Wat is proteïne S?
Proteïne S is een anticoagulerend eiwit in het menselijk lichaam dat sterk is gekoppeld aan vergelijkbare vitamine K-afhankelijke eiwitten zoals eiwit C. In feite werkt eiwit S in zijn vrije vorm samen met eiwit C om bloedstolsels actief te voorkomen. Een tweede vorm van het eiwit, bekend als de complexe vorm, is gebonden aan een eiwit dat bekend staat als C4b. Gecombineerd kleven C4b en de complexe vorm van S aan beschadigde cellen na verwondingen om interne weefsels schoon te maken zonder verdere schade te veroorzaken.
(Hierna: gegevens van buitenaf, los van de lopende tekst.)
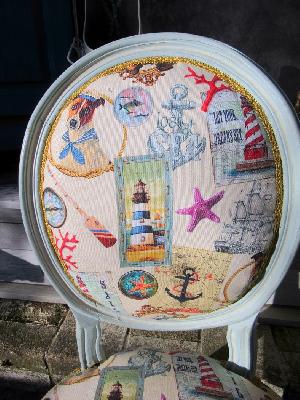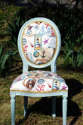 jolie rénovation tapisserie pour cette chaise médaillon la Tamarissiere"

In termen van eiwittypen is eiwit S een glycoproteïne. Bij het bekijken van moleculaire constructiediagrammen en microscopische objectglaasjes, hebben onderzoekers waargenomen dat zijketens van polypeptiden zich aan glycanen hechten om glycoproteïnen te maken. Deze klasse van eiwitten helpt bij interacties tussen cellen in vrijwel ontelbare capaciteiten. Dergelijke eiwitten dienen doelen in het menselijk lichaam van bindende cellen of weefselvezels tot aanhechting van bloedplaatjes aan voeringen van bloedvaten, evenals moleculaire activiteit geassocieerd met bloedstolling en beschadigde celverwijdering. Wetenschappers in Seattle, Washington identificeerden voor het eerst het PROS1-gen en met name proteïne S in de late jaren zeventig, op basis van de initialen van de stad om de nieuwe proteïne-ontdekking te noemen.
De primaire verantwoordelijkheid van deze vrije vorm glycoproteïne is om zich te binden aan specifieke cellen om stolling in de bloedbaan te remmen. Tenzij gebonden aan C4b, circuleert proteïne S vrij in het lichaam, met verhogingen van bloedspiegels veroorzaakt door verwondingen, ziekte of de aanwezigheid van vreemde indringers die de viscositeit van het bloed beïnvloeden. Wanneer een blessure optreedt, worden zowel de vrije als complexe vormen geactiveerd. Vrije vorm voorkomt stolling om bloed ongehinderd te laten stromen, terwijl de complexe vorm gebonden aan C4b beschadigde cellen wegvoert.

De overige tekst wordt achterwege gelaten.